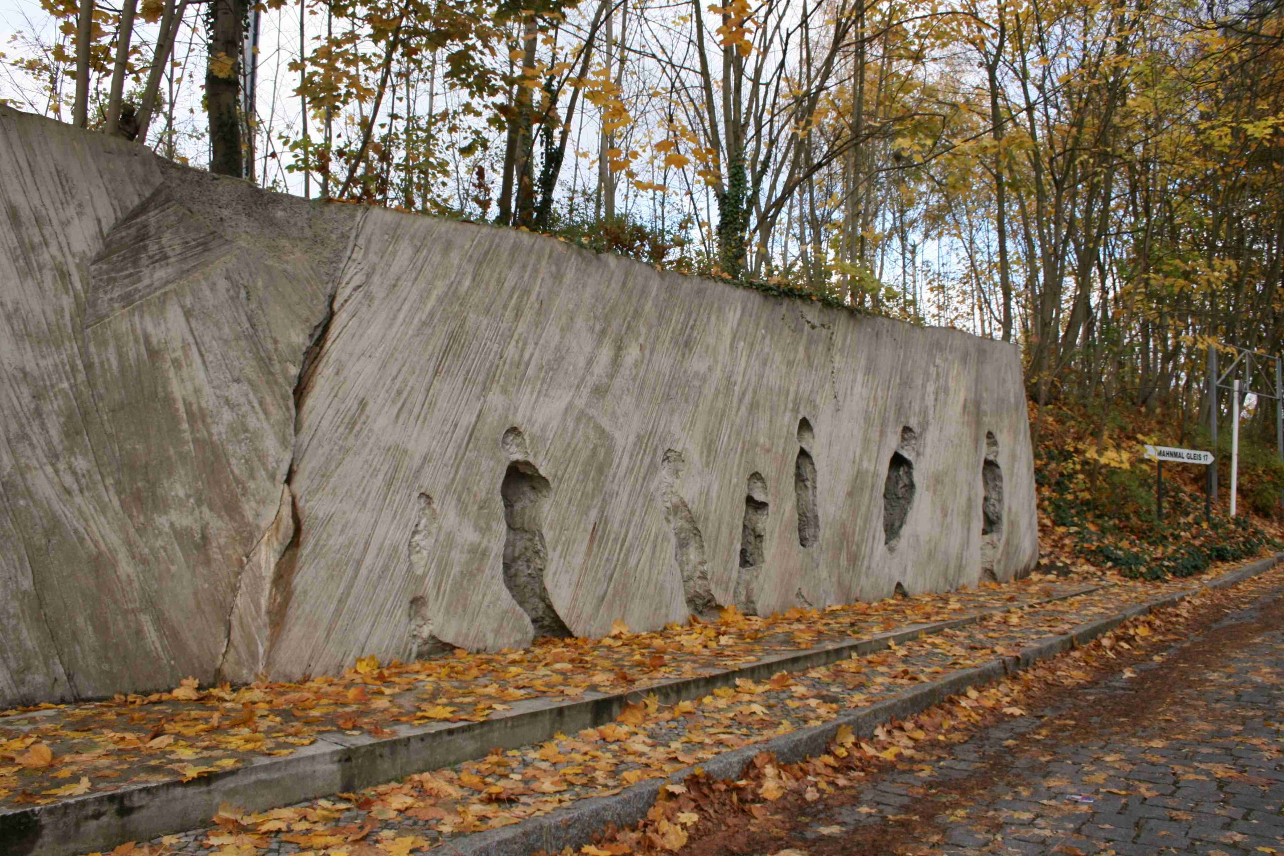 Mahnmal des Berliner Senats, Enthüllt am 18.10.1991. Der S-Bahnhof Grunewald (1899 nach Entwurf von Karl Cornelius errichtet) entstand im Bereich eines seit dem 19. Jahrhundert bestehenden Güterbahnhofs an der Strecke Berlin-Wetzlar. Während des Zweiten Weltkrieges, konkret zwischen dem 18. Oktober 1941 bis Februar 1945, wurden vom Güterbahnhof Grunewald Berliner Juden und so genannte „Nichtarier“ an die Todesstätten im Osten deportiert. Eine erste Gedenktafel von 1953 wurde zu einem unbekannten Zeitpunkt entfernt, eine 1973 angebrachte Gedenktafel mehrfach gestohlen. 1987 lobte der Senator für Bau- und Wohnungswesen (heute: Senator für Stadtentwicklung und Umweltschutz) einen Wettbewerb zur Errichtung einer Gedenkstätte am Güterbahnhof Grunewald aus. 149 Beiträge wurden eingereicht. Der in Berlin lebende polnische Künstler Káról Broniatowski erhielt 1988 einstimmig den 1. Preis. Kosten der Realisierung: ca. 770.000 DM (aus dem Fonds „Kunst im Stadtraum“). Am Straßenseitigen Fuße des Bahndamms wurde ein Betonfundament errichtet, das nicht nur den Höhenunterschied der hier bereits ansteigenden Straße ausgleicht und der eigentlichen Skulptur als Basis dient, sondern auch in der Anmutung eines Bahnsteigs Teil der Inszenierung geworden ist. Das eigentliche Kunstwerk, eine in der Oberfläche stark strukturierte Betonwand mit den abstrakten Umrissen von Menschen, wurde im Atelier des Künstlers fertig gestellt und in zwei Teilen von je 26 Tonnen zum Aufstellungsort gebracht und hier vor dem Bahndamm aufgestellt. In den Bahndamm vertieft wurde eine Nische links vor dem Denkmal (im Jahr 2000 von der Deutschen Bahn AG ohne Abstimmung mit dem Künstler und der Senatsbauverwaltung eine Betonstützmauer errichtet, die den Eindruck des Denkmals stark beeinträchtigt hat. Um die Stützmauer zu kaschieren wurde sie mit einer berankungsfähigen Holzverkleidung verblendet). Hier wurde eine Gedenkstele aufgestellt, deren Bronzetafel einen prägnanten Text enthält, der auch dem Ortsunkundigen das Denkmal und den Hintergrund seiner Entstehung erläutert. Der eigentliche Ort der Deportation, das Gleis 17, war zum Zeitpunkt des Wettbewerbes noch nicht in das Projekt einziehbar, da das Grundstück unter Verwaltung der Reichsbahn / DDR stand. Dies ist 1998 mit der Umsetzung des Mahn- und Gedenkmals „Gleis 17“ geschehen. Obgleich beide Gedenkmale inhaltlich zusammen gehören, stellen sie doch zwei grundsätzlich unterschiedliche Werke dar, da das eine stärker Skulptur ist, das andere eine Objektkollage zwischen historischem Ort des zu Erinnernden und seiner überfassenden Stilisierung. Im Übrigen hat die Deutsche Bahn AG ohne Absprache mit dem Künstler ein zum authentischen Ort und damit zur Gedenkstätte gehörendes Schild mit der Aufschrift „Deutsche Reichsbahn/Güterbahnhof Berlin-Grunewald“ entfernen lassen. Das Schild, das bereits 1941 vorhanden war, gilt nun als verschollen (Jörg Kuhn, Susanne Kähler).
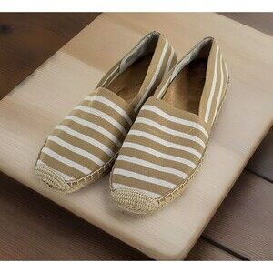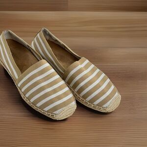 Vionic Coast Valeri Espadrille Flat Beige Striped Loafer Slip On Beach Sz 9.5
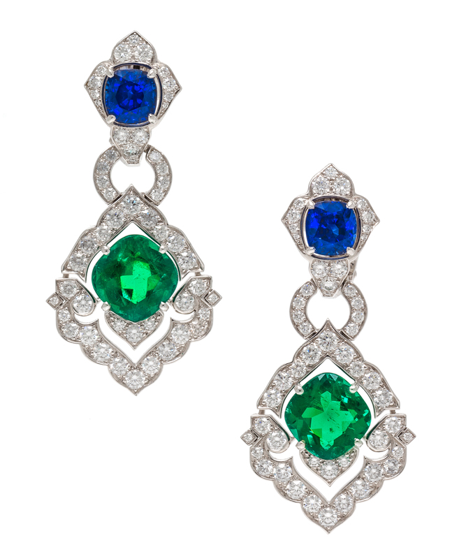 An Important Pair of Platinum, Emerald, Sapphire and Diamond "Victoria" Earclips, Cartier, Circa 2008,
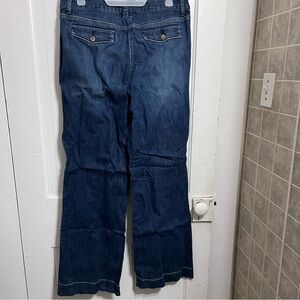 Stylish wide leg jeans. Dark blue hue. Perfect for casual wear.
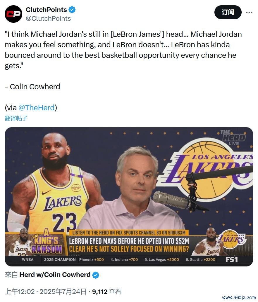 北京时间7月25日,NBA进入休赛期。著名媒体人Colin Cowherd近日发布了一则有关乔丹和詹姆斯的评价nba季后赛,他直言乔丹依然是詹姆斯心中的阴影,詹姆斯多次跳槽到好的球队环境,但是依然取得乔丹的成就。

──────

Give the listing above again in its entirety, exactly as written and free of images.

Task result:
 Mahnmal des Berliner Senats, Enthüllt am 18.10.1991. Der S-Bahnhof Grunewald (1899 nach Entwurf von Karl Cornelius errichtet) entstand im Bereich eines seit dem 19. Jahrhundert bestehenden Güterbahnhofs an der Strecke Berlin-Wetzlar. Während des Zweiten Weltkrieges, konkret zwischen dem 18. Oktober 1941 bis Februar 1945, wurden vom Güterbahnhof Grunewald Berliner Juden und so genannte „Nichtarier“ an die Todesstätten im Osten deportiert. Eine erste Gedenktafel von 1953 wurde zu einem unbekannten Zeitpunkt entfernt, eine 1973 angebrachte Gedenktafel mehrfach gestohlen. 1987 lobte der Senator für Bau- und Wohnungswesen (heute: Senator für Stadtentwicklung und Umweltschutz) einen Wettbewerb zur Errichtung einer Gedenkstätte am Güterbahnhof Grunewald aus. 149 Beiträge wurden eingereicht. Der in Berlin lebende polnische Künstler Káról Broniatowski erhielt 1988 einstimmig den 1. Preis. Kosten der Realisierung: ca. 770.000 DM (aus dem Fonds „Kunst im Stadtraum“). Am Straßenseitigen Fuße des Bahndamms wurde ein Betonfundament errichtet, das nicht nur den Höhenunterschied der hier bereits ansteigenden Straße ausgleicht und der eigentlichen Skulptur als Basis dient, sondern auch in der Anmutung eines Bahnsteigs Teil der Inszenierung geworden ist. Das eigentliche Kunstwerk, eine in der Oberfläche stark strukturierte Betonwand mit den abstrakten Umrissen von Menschen, wurde im Atelier des Künstlers fertig gestellt und in zwei Teilen von je 26 Tonnen zum Aufstellungsort gebracht und hier vor dem Bahndamm aufgestellt. In den Bahndamm vertieft wurde eine Nische links vor dem Denkmal (im Jahr 2000 von der Deutschen Bahn AG ohne Abstimmung mit dem Künstler und der Senatsbauverwaltung eine Betonstützmauer errichtet, die den Eindruck des Denkmals stark beeinträchtigt hat. Um die Stützmauer zu kaschieren wurde sie mit einer berankungsfähigen Holzverkleidung verblendet). Hier wurde eine Gedenkstele aufgestellt, deren Bronzetafel einen prägnanten Text enthält, der auch dem Ortsunkundigen das Denkmal und den Hintergrund seiner Entstehung erläutert. Der eigentliche Ort der Deportation, das Gleis 17, war zum Zeitpunkt des Wettbewerbes noch nicht in das Projekt einziehbar, da das Grundstück unter Verwaltung der Reichsbahn / DDR stand. Dies ist 1998 mit der Umsetzung des Mahn- und Gedenkmals „Gleis 17“ geschehen. Obgleich beide Gedenkmale inhaltlich zusammen gehören, stellen sie doch zwei grundsätzlich unterschiedliche Werke dar, da das eine stärker Skulptur ist, das andere eine Objektkollage zwischen historischem Ort des zu Erinnernden und seiner überfassenden Stilisierung. Im Übrigen hat die Deutsche Bahn AG ohne Absprache mit dem Künstler ein zum authentischen Ort und damit zur Gedenkstätte gehörendes Schild mit der Aufschrift „Deutsche Reichsbahn/Güterbahnhof Berlin-Grunewald“ entfernen lassen. Das Schild, das bereits 1941 vorhanden war, gilt nun als verschollen (Jörg Kuhn, Susanne Kähler).
 Vionic Coast Valeri Espadrille Flat Beige Striped Loafer Slip On Beach Sz 9.5
 An Important Pair of Platinum, Emerald, Sapphire and Diamond "Victoria" Earclips, Cartier, Circa 2008,
 Stylish wide leg jeans. Dark blue hue. Perfect for casual wear.
 北京时间7月25日,NBA进入休赛期。著名媒体人Colin Cowherd近日发布了一则有关乔丹和詹姆斯的评价nba季后赛,他直言乔丹依然是詹姆斯心中的阴影,詹姆斯多次跳槽到好的球队环境,但是依然取得乔丹的成就。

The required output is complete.